Tom’s Games spoke to Yves Guillemot, Guillemot starts off with something almost all PC gamers can agree with: “The consoles at certain periods are more powerful than the PC, but the PC can improve its capacity and ability every year so the cycle changes. Generally, the PC gaming business gets better over time in these console cycles. So as we continue this cycle, graphically the PCs will continue to get better and the features will become more interesting.”
That’s where the good news ends, however, as Guillemot confirms that PC piracy is influencing the company’s developers to focus on consoles. “Piracy is enormously damaging to the market,” he said, adding that the Internet has made piracy easy to do. “So what do we do? Well, it’s better not to invest a lot of money on that particular platform.”
“We know that the developers that are creating the PC game are not going to get paid for the work they do and the games won’t break even. So we prefer to focus on platforms that maybe have less piracy and where more customers are actually paying for the content they consume,” said Guillemot. “We greatly reduced the number of people working on PC games because of that.” Ubisoft isn’t ditching PC publishing altogether, but it certainly isn’t as focused as it used to be. The company now hopes to keep PC in the running with better copy protection measures.
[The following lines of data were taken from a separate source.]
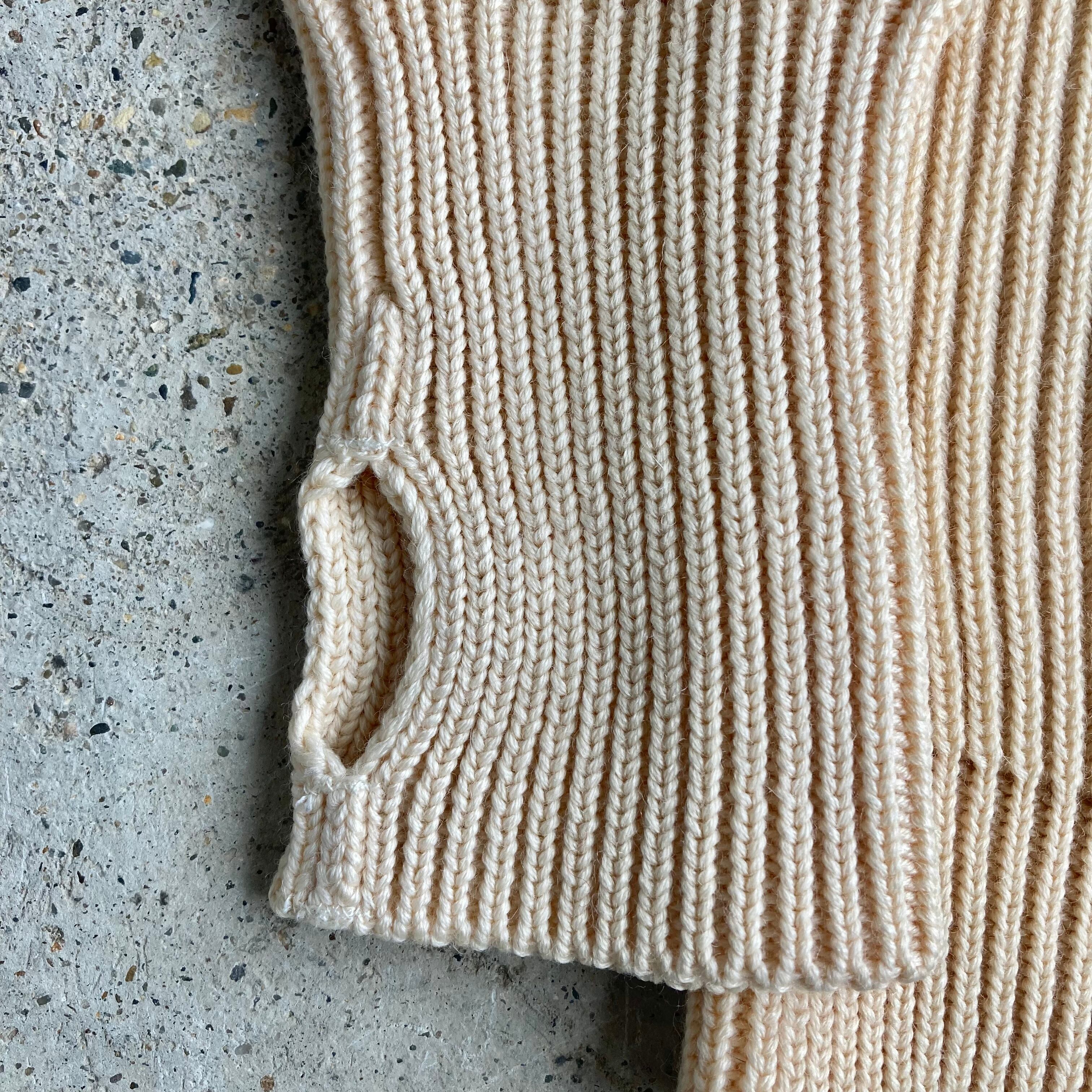 忙しい船員達のフィッシャーマンセーターのデザインにインスピレーションを受け、前後を気にせず気軽に着られるように設計。 フルファッション製法を採用しており、負荷が掛かる箇所にカンヌキ留めを施しており徹底的に耐久性にこだわった仕上がりに。
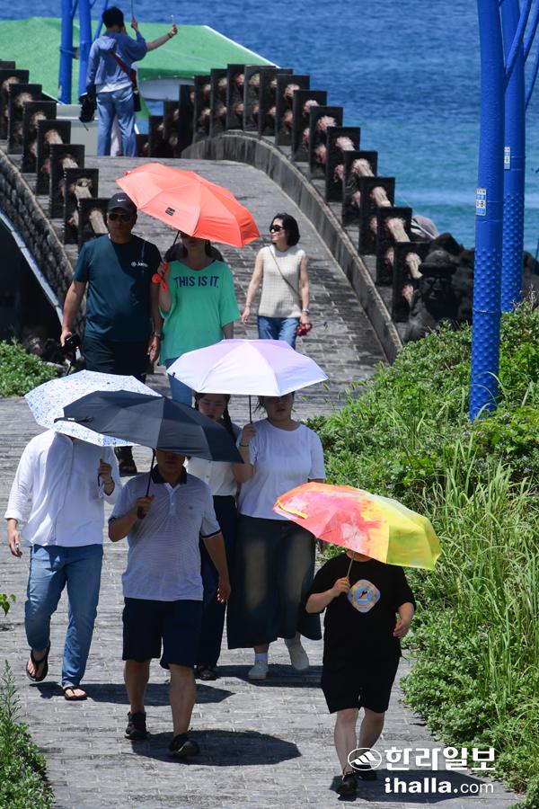 [한라일보] 24일 제주시 함덕해수욕장을 찾은 관광객들이 뜨거운 햇살을 피하기 위해 양산을 쓰고 주변을 구경하고 있다. 이상국기자
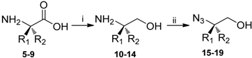 (i) LiAlH4, THF, 16 h, reflux. (ii) TfN3, DMAP, DCM, 15 h, RT.
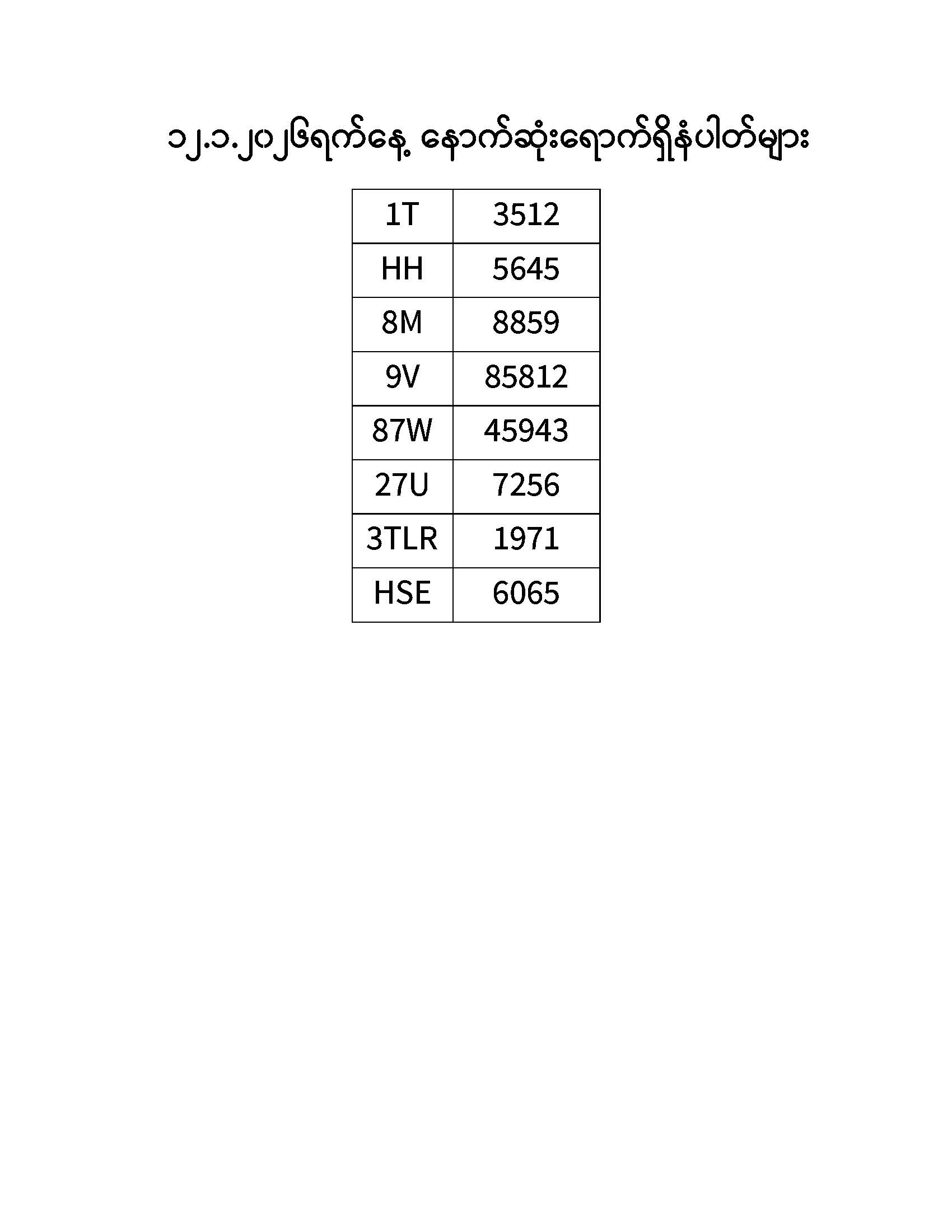 ၁၂.၁.၂၀၂၆ ရက်နေ့ထိ နောက်ဆုံးရောက်ရှိ နံပါတ်များ
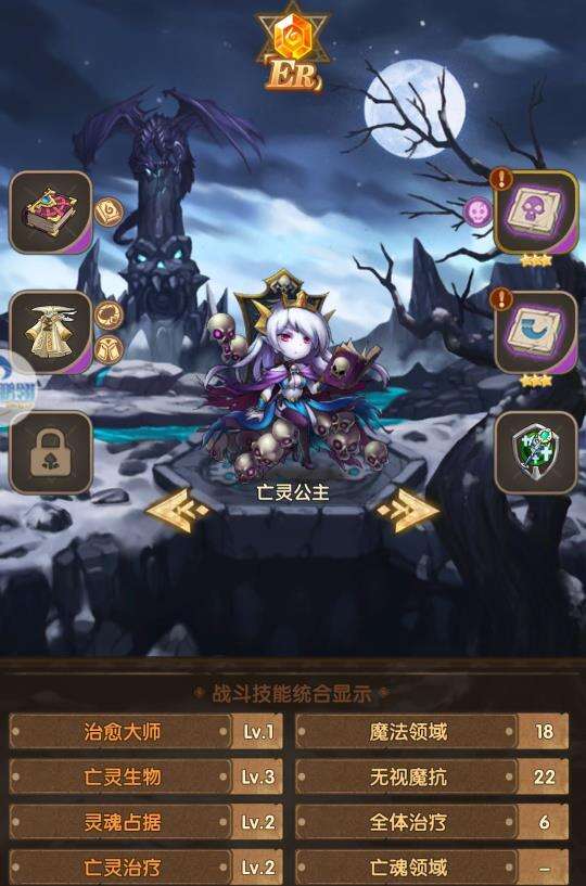 亡灵公主:辅助带治疗以及进攻士气,还有减魔抗的群体buff就行。

The problem now is coming up with a system that PC gamers will accept.
“The PC gaming community is very often against any kind of system that prohibits piracy, which I have difficulty understanding. They need to help us to make sure we can invest on the PC, because if we can’t get a return on investment with PC games then we will not invest,” he explains.
One problem is with invasive copy protections that do more to hassle the legit gamer than anything else. Guillemot said that the company is now looking for “a system that will make sure you have a better experience when you buy than game rather than when you don’t buy it.”
Until the PC market changes, there could be fewer and fewer games for platform. Guillemot calls the PC-centric Far Cry 2 game, which will also be released on Xbox 360 and PS3, an “exception.”